What are the lines from the top of the entries through the one with "9月05日 20:52頃、グ"? Write them out exactly, with no pictures.

### EXERCISE INPUTS
+ + + + + + +
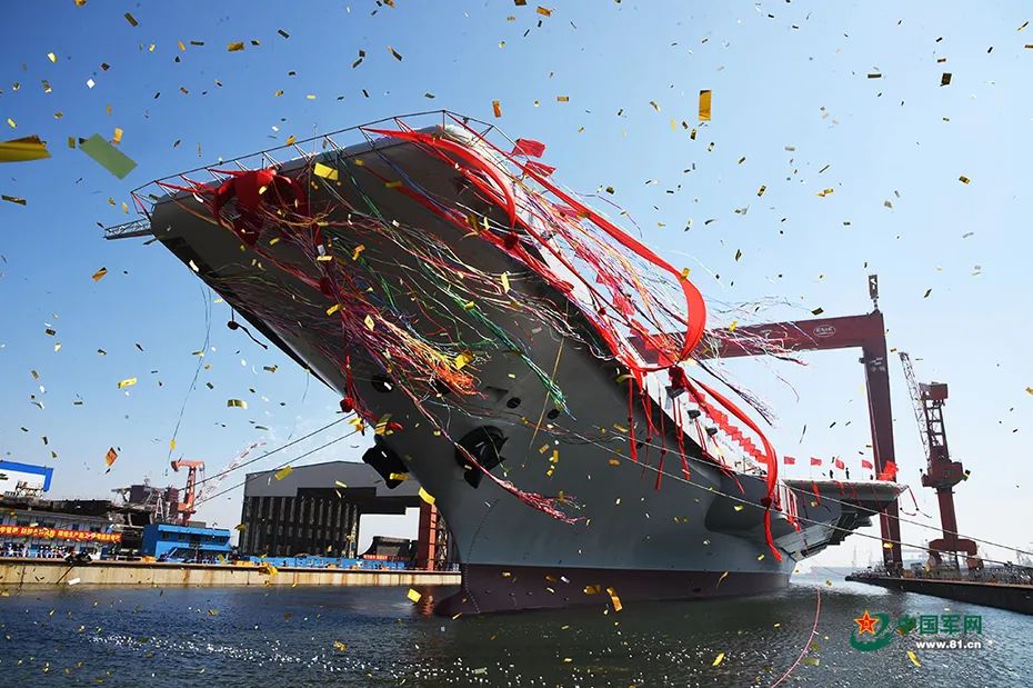 資料圖:中國(guó)第二艘航空母艦(中國(guó)首艘國(guó)產(chǎn)航母)下水儀式在中國(guó)船舶重工集團(tuán)公司大連造船廠舉行。圖片來源:中國(guó)軍網(wǎng)
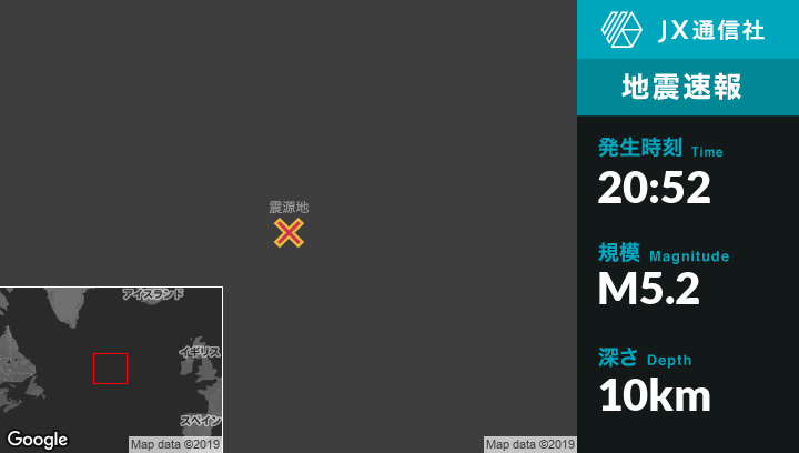 9月05日 20:52頃、グリーンランドのNanortalikから南東1173kmの地点でM5.2の地震がありました。
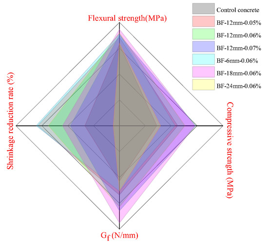 The macro properties of the control concrete and six kinds of BFRCs are displayed in Figure 19, which clearly shows the difference in performance among all the concretes. For ease of comparison, the shrinkage reduction rate was used as a representative parameter of shrinkage properties. Thus, we can roughly compare the overall performance of the concrete by comparing the area under the curve. It can be observed that BF-24 mm-0.06% presents the smallest closed area among all BFRCs. However, the order of other BFRCs in comprehensive properties is not clear. To select the optimal fiber length and content, grey target theory analysis was used.
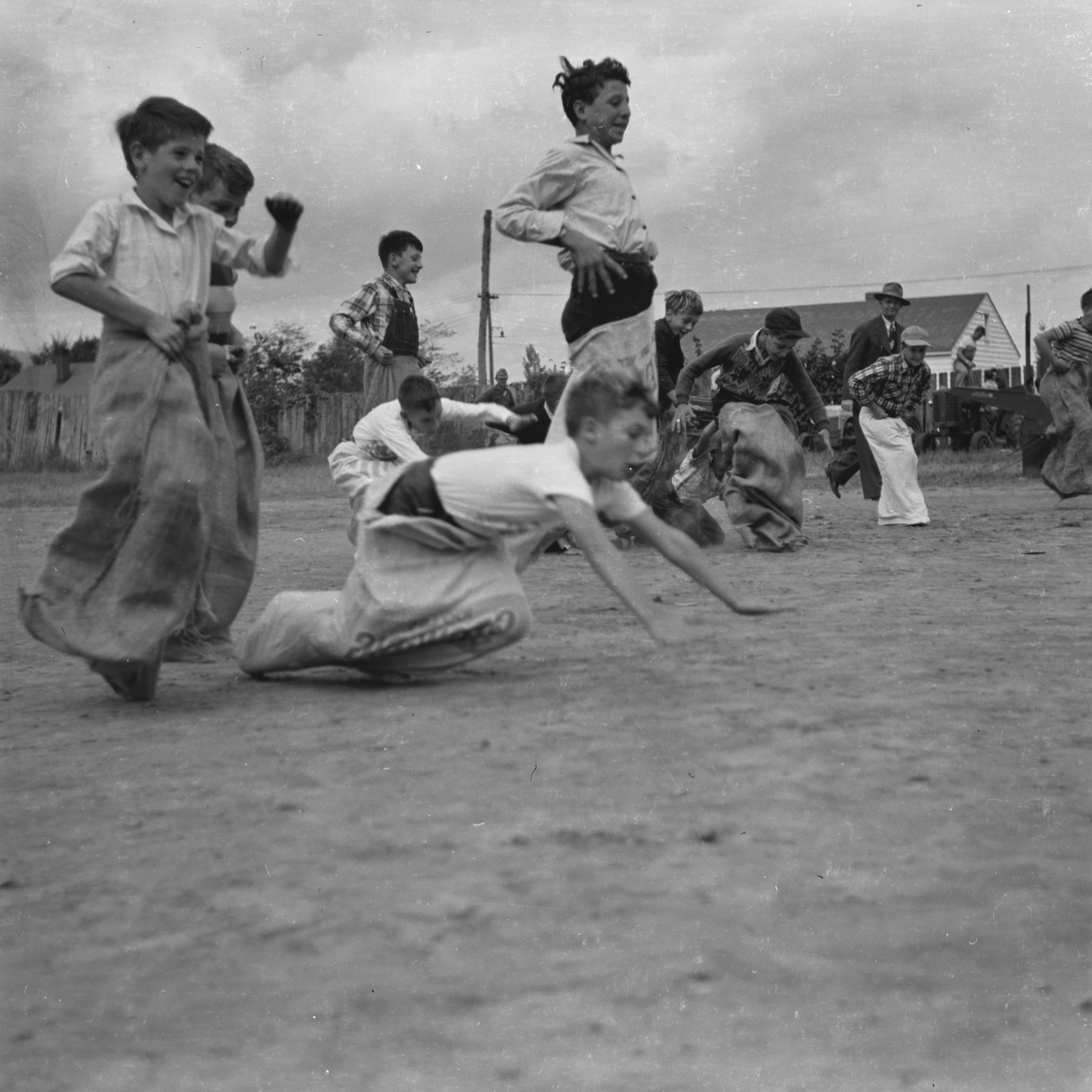 Photograph of a sack race at the Triplett School Fair taken on October 19-20, 1950.
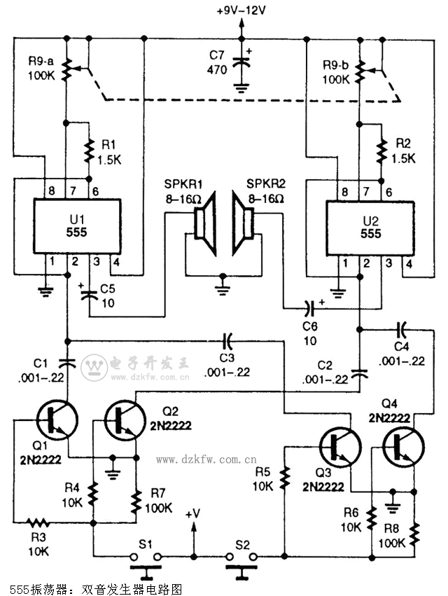 555 oscillator: dual tone generator circuit 555振蕩器:雙音發(fā)生器電路圖
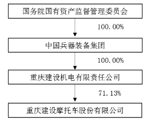 上市公司名称:重庆建设摩托车股份有限公司 股票简称:建摩B 股票代码:200054 股票上市地点:深圳证券交易所 收购人名称:重庆建设机电有限责任公司 住所:重庆市巴南区建设大道1号2幢 通讯地址:重庆市巴南区建设大道1号 联系电话:02366295333 签署日期:2015年12月14日 收购人声明 一、本报告书摘要依据《中华人民共和国证券法》、《上市公司收购管理办法》、《公开发行证券的公司信息披露内容与格式准则第16 号——上市公司收购报告书》等相关法律法规编写。 二、依据《中华人民共和国证券法》、《上市公司收购管理办法》的规定,本报告书已全面披露收购人在重庆建设摩托车股份有限公司拥有权益的股份。截至本报告书签署之日,除本报告书披露的持股信息外,收购人未通过任何其他方式在重庆建设摩托车股份有限公司拥有权益。 三、收购人签署本报告书已获得必要的授权和批准,其履行亦不违反收购人公司章程或内部规则中的任何条款,或与之相冲突。 四、本次收购需获得国务院国有资产监督管理委员会审核批准,以及中国证券监督管理委员会豁免收购人要约收购义务的批准。 五、本次收购是根据本报告书所载明的资料进行的。除收购人和所聘请的专业机构外,没有委托或授权任何其他人提供未在本报告书中列载的信息和对本报告书做出任何解释或者说明。 第一节 释义 本报告中,除非文意另有所指,下列简称和术语具有如下涵义: ■ 注:本报告中部分合计数与各单项数据之和在尾数上存在差异,这些差异是由于四舍五入原因所致。 第二节 收购人介绍 一、收购人基本情况 ■ 二、收购人的股权结构及实际控制人 (一)股权结构 截至本报告书签署日,建设机电的股份结构如下图所示: ■ 建设机电的控股股东为中国兵器装备集团公司,实际控制人为国务院国有资产监督管理委员会,国务院国有资产监督管理委员会根据国务院授权代表国家履行出资人职能。 (二)兵装集团控制的其他企业 截止本报告书签署日,兵装集团拥有全资子企业44家,控股子公司11家,基本情况如下: 1、全资子企业 ■ ■ 2、控股子公司 ■ ■ 三、收购人主营业务及财务情况说明 (一)业务情况 建设机电成立于2015年8月28日,由上市公司摩托车业务相关的资产和负债出资设立而成。2015年10月27日,建设股份召开第七届董事会第八次会议,审议通过上市公司将建设机电100%股权出售给兵装集团的方案。2015年11月17日,上述事项经上市公司2015年第一次临时股东大会审议通过。截止本报告书签署日,建设机电100%股权已过户至兵装集团名下。 截止本报告书签署日,建设机电主要从事摩托车及摩托车发动机的生产和销售。 (二)下属公司情况 ■ (二)最近三年财务状况的简要说明 根据《公开发行证券的公司信息披露内容与格式准则第16号——上市公司收购报告书》第四十条第三款规定:如果该法人或其他组织成立不足一年或者是专为本次收购而设立的,则应当披露其实际控制人或者控股公司的财务资料。 建设机电成立于2015年8月28日成立,截至本报告书签署之日不足一年,建设机电控股股东为兵装集团,其最近三年相关财务资料信息如下: ■ 四、收购人最近五年是否受到处罚的情况说明 截至本报告签署之日,建设机电没有受过与证券市场有关的行政处罚、刑事处罚或者与经济纠纷有关的重大民事诉讼或者仲裁。 五、收购人董事、监事、高级管理人员情况说明 截至本报告书签署日,建设机电董事、监事及高级管理人员的基本情况如下: ■ 截至本报告书签署日,上述人员最近五年内未受到与证券市场有关的行政处罚、刑事处罚,也未涉及与经济纠纷有关的重大民事诉讼或者仲裁 六、收购人持有、控制其他上市公司5%以上的发行在外的股份情况 至本报告书签署之日,建设机电不存在拥有权益的股份达到或超过5%的上市公司的情况。 第三节 收购决定及收购目的 一、收购目的 本次收购行为使建设股份成为建设机电的控股子公司,有利于建设股份在原有基础上进一步加大改革管理力度、理顺管理关系,做强做大汽车空调压缩机业务;同时也有利于改善建设机电资产负债结构,深化企业改革发展战略,实现企业可持续发展。 二、未来12个月内继续增持上市公司股份或处置已拥有权益的股份的计划 截至本报告书签署之日,建设机电暂无在未来12个月内对建设股份继续增持股份或处置其已拥有权益股份的计划。如建设机电作出增持或减持建设股份股份的决定,将按照相关法律、法规的要求进行披露。 三、本次收购所履行的相关程序 (一)本次收购已经履行的审批程序 1、2015年7月23日,兵装集团召开第93次党政联席会,审议通过了本次无偿划转方案。 2、2015年12月9日,收购人召开董事会,审议通过了受让兵装集团无偿划转上市公司股份的议案。 (二)本次收购尚待履行的审批程序 1、本次国有股权无偿划转尚需取得国务院国资委核准; 2、中国证监会豁免建设机电要约收购义务。 第四节 收购方式 一、收购人收购前后持有建设股份的股份数量和比例 本次国有股权无偿划转完成前,建设机电未持有建设股份的股份。 本次国有股权无偿划转完成后,建设机电将持有建设股份84,906,250股,占已发行股本的 71.13%,从而成为建设股份的控股股东。 根据《收购办法》有关规定,本次收购触发了要约收购义务,需要向
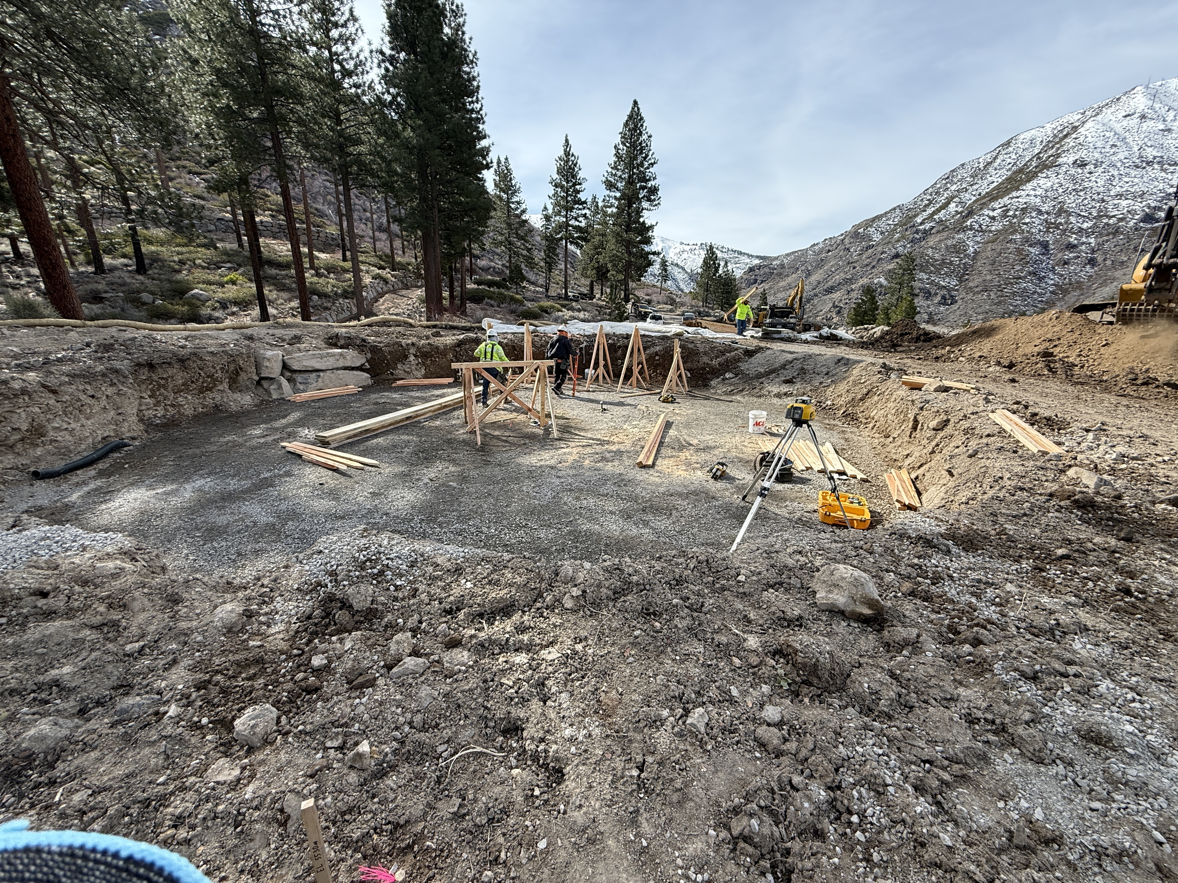 Several workers are present at a construction site in a mountainous region, engaged in survey and layout activities. There are wooden stakes around the perimeter of a leveled gravel area, suggesting layout preparations. A tripod with measurement tools is visible, indicating survey work. Heavy machinery is present in the background, and some workers are wearing PPE.
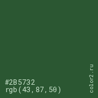 Цвет #2B5732 в цветовой модели RGB обозначается тремя октетами (43, 87, 50) в десятичном формате и #2B5732 в шестнадцатиричном (hex) формате, которые являются интенсивностью красного 43 (hex 2B), интенсивность зелёного 87 (hex 57) и интенсивность синего 50 (hex 32).
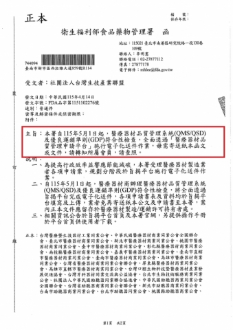 本署自115年5月1日起,醫療器材品質管理系統(QMS/QSD)及優良運銷準則(GDP)符合性檢查,全面透過「醫療器材品質管理申請平台」施行電子化送件作業,毋需寄送紙本函文或文件,請轉知所屬會員,請查照。
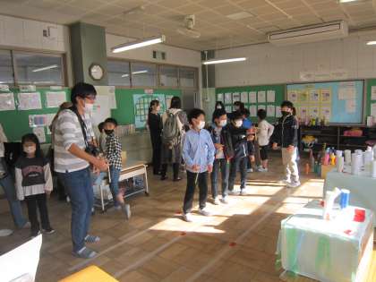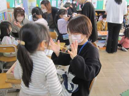 1年生から3年生は、先生と一緒に考えながら決めた体験コーナーをパビリオンとして実施しました。自分で考えた言葉で、参加者に説明しながら楽しむ姿がたくさん見られました。各バビリオンで体験し、スタンプラリーカードにシールを貼りながら巡る体験活動を、心から楽しんでいました。
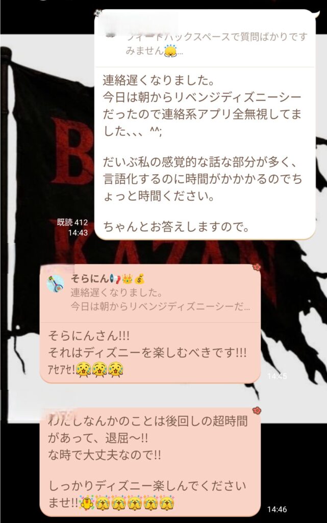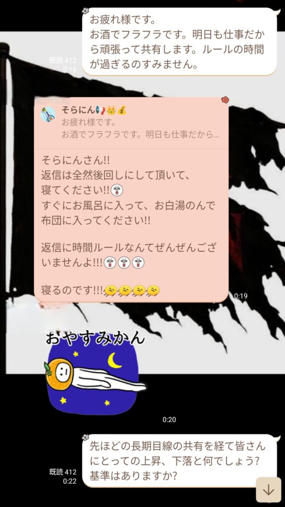 話していると、他のメンバーもポジポジ病の話をし始めた。1対1だと思っていたら、意外にも多くのメンバーが見ていた。講義の意義が広がっていくのが嬉しかった。
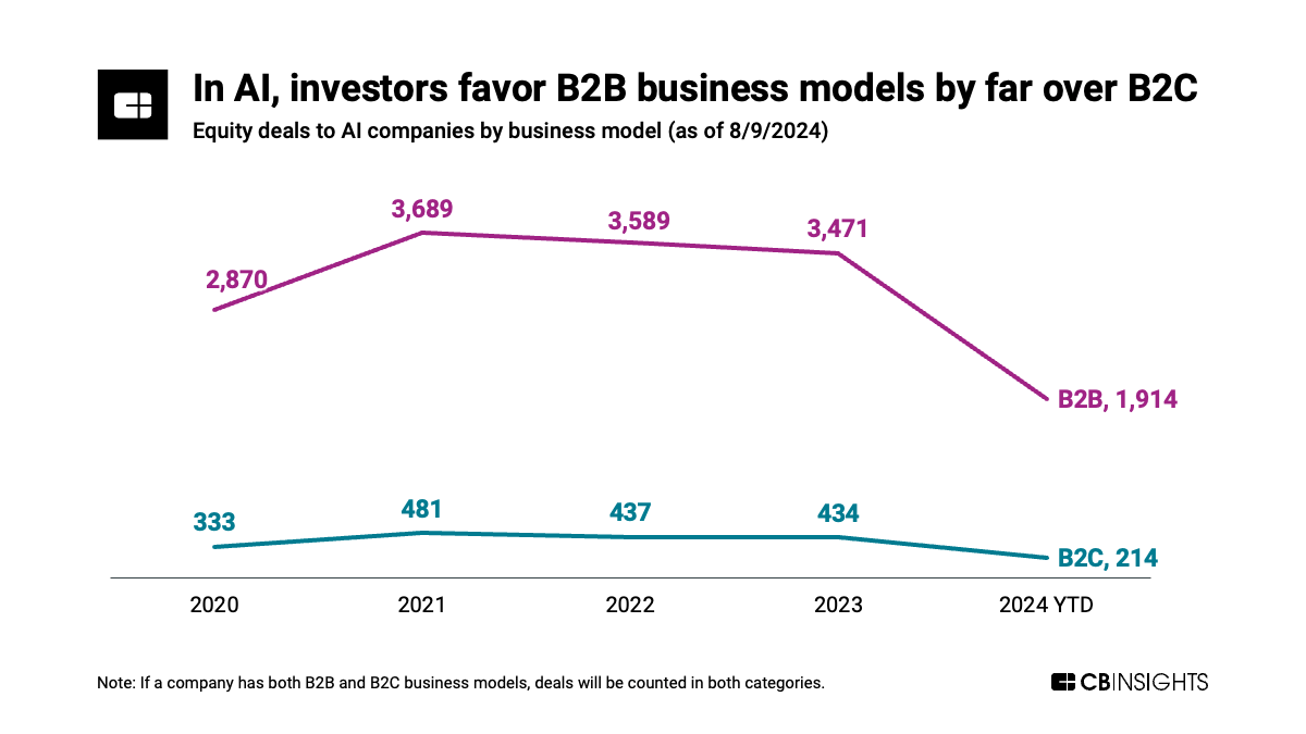 Source: CB Insights — customers can use the CB Insights platform search filters and our business model data to explore both B2B AI deals and B2C AI deals
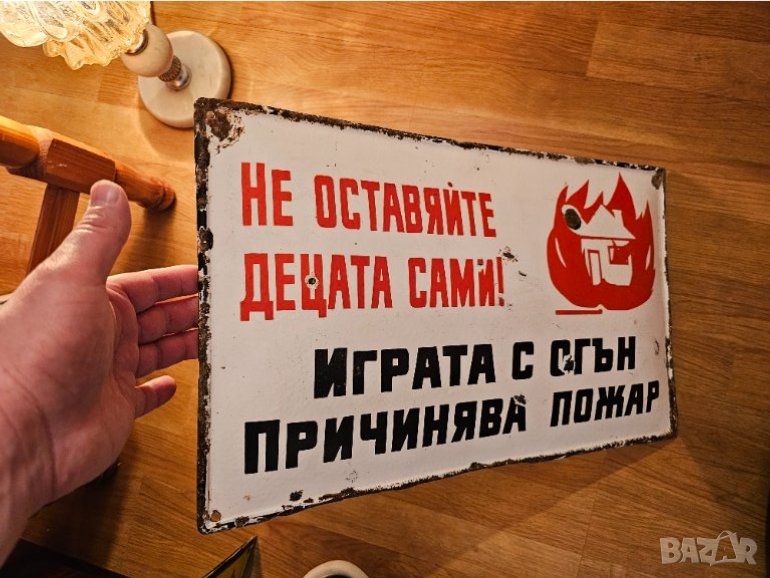 Рядка голяма емайлирана табела НЕ ОСТАВЯЙТЕ ДЕЦАТА САМИ! ИГРАТА С ОГЪН ПРИЧИНЯВА ПОЖАР от 80те
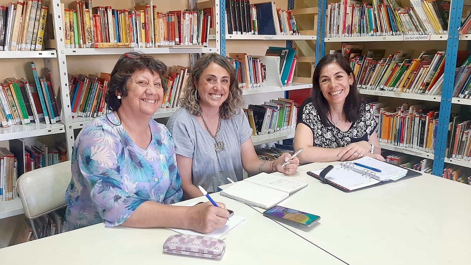 La Presidenta de la Biblioteca Ricardo Jones Berwyn, Gladys Landaeta, se reunió con la Coordinadora General del Centro de Recursos para el Aprendizaje y la Investigación (CRAI), Irene Beatriz Gerez y la Delegada de Extensión áulica de Gaiman de la Universidad del Chubut, Ana Laura Ardiles.
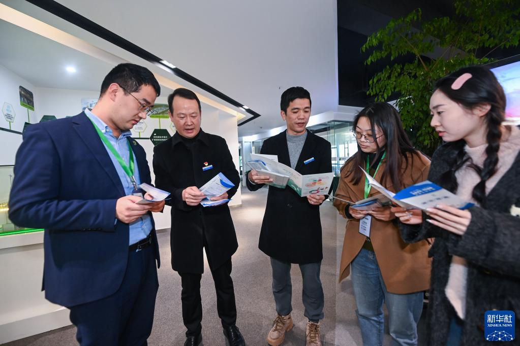 2月8日,湖州市吴兴区中小微企业一站式服务平台的值班代办员(左二、左三)来到一家高新企业,开展“上门办”服务,给企业员工提供人才补贴政策的解读及登记办理。
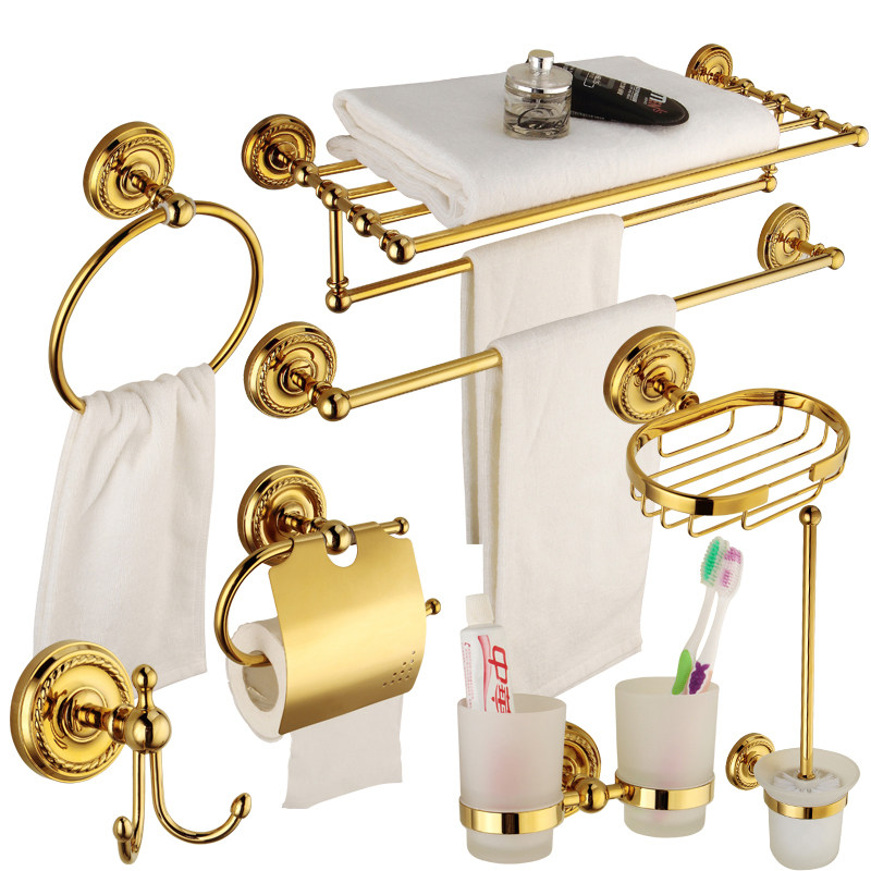 Gold Double-rod Gold Single-rod Gold Bath Towel Holder Gold Towel Ring Gold Paper Towel Holder Gold Soap Net Gold Double Cup Gold Toilet Brush Gold Coat Hook Gold Triangle Double Shelf
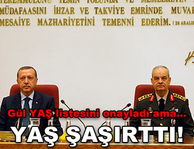 “Balyoz” davasının gölgesinde gerçekleştirilen Yüksek Askeri Şura toplantısından nihayet karar çıktı. Cumhurbaşkanı Abdullah Gül, YAŞ kararlarını onayladı. Sürpriz olarak nitelendirilen kararlara göre, Genelkurmay Başkanlığı ve Kara Kuvvetleri Komutanlığı’na atama yapılmadı. Atamaların yarın yapılması bekleniyor.
+ + + + + + +
### RESULT
 資料圖:中國(guó)第二艘航空母艦(中國(guó)首艘國(guó)產(chǎn)航母)下水儀式在中國(guó)船舶重工集團(tuán)公司大連造船廠舉行。圖片來源:中國(guó)軍網(wǎng)
 9月05日 20:52頃、グリーンランドのNanortalikから南東1173kmの地点でM5.2の地震がありました。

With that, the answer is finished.